[Task directions]:
The line with "II Prayer of" marks the start; please set it down along with all later lines through the end of the material, exactly, leaving out pictures.

[Information supplied]:

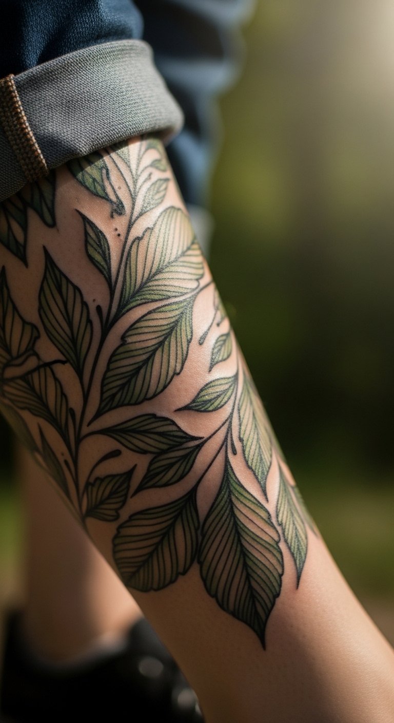 Eco-friendly tattoos highlight nature themes sustainably. Envision green leaves on your leg that promote awareness. They add purpose to your look. Use recycled paper to draw plans at home. Support local green studios starting at $90. Experiment with natural dyes for tests. Place on your calf for meaning. Recycled paper aids eco-friendly prep. This keeps your style thoughtful and low-cost.
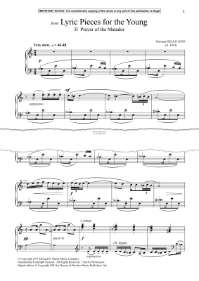 II Prayer of the Matador from Lyric Pieces for the Young - Noten für Klavier Norman Dello Joio
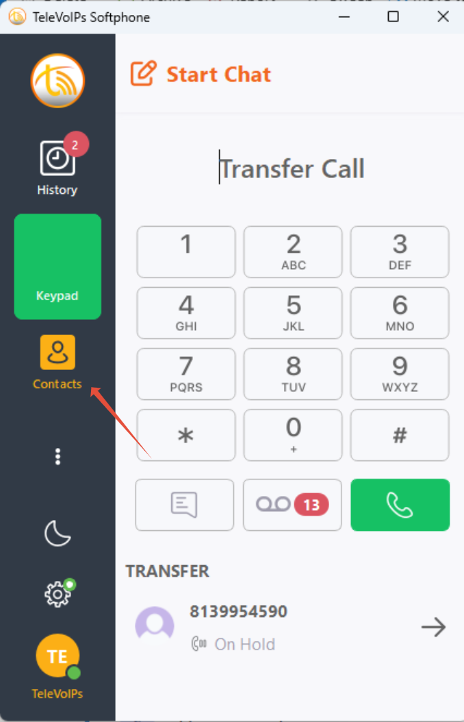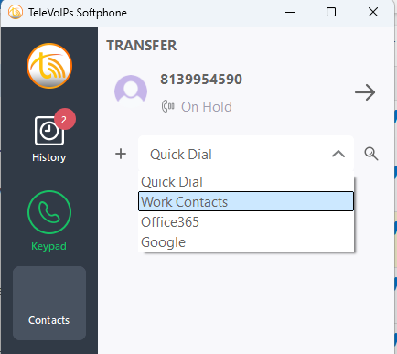 | Step TWO: Navigate to your Contacts With the caller on Hold, navigate to the 'Contacts' on the left hand side. From there, select the drop down and the applicable contact list. Once in the contacts, select your agent and hit the phone emoticon (circled in red below). If blind transfer, the caller will be moved to the select agent. If attended transfer, you will begin calling the agent to then complete the transfer as normal. | ![]() ![]() |
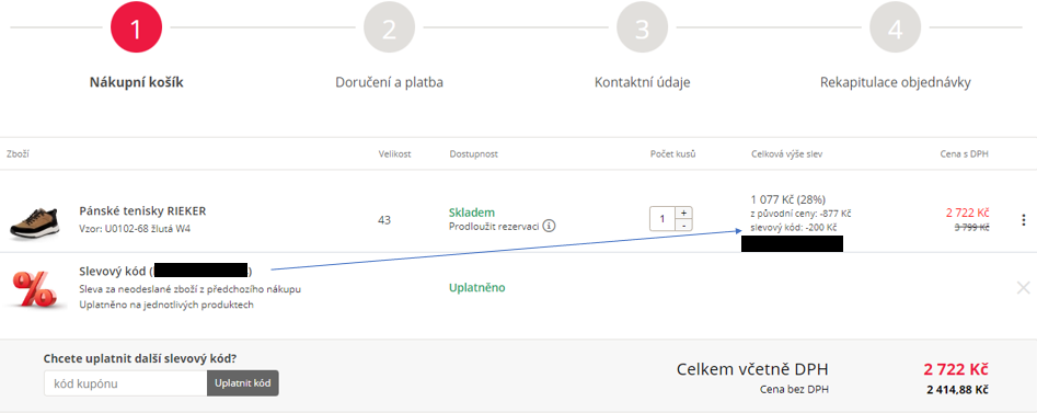 Kód, který obdržíte stačí pouze zkopírovat do pole „Kód kupónu“ a kliknout na „Uplatnit kód“. Sleva se vám automaticky promítne v košíku viz obrázek níže.

[Answer]:
 II Prayer of the Matador from Lyric Pieces for the Young - Noten für Klavier Norman Dello Joio
 | Step TWO: Navigate to your Contacts With the caller on Hold, navigate to the 'Contacts' on the left hand side. From there, select the drop down and the applicable contact list. Once in the contacts, select your agent and hit the phone emoticon (circled in red below). If blind transfer, the caller will be moved to the select agent. If attended transfer, you will begin calling the agent to then complete the transfer as normal. | ![]() ![]() |
 Kód, který obdržíte stačí pouze zkopírovat do pole „Kód kupónu“ a kliknout na „Uplatnit kód“. Sleva se vám automaticky promítne v košíku viz obrázek níže.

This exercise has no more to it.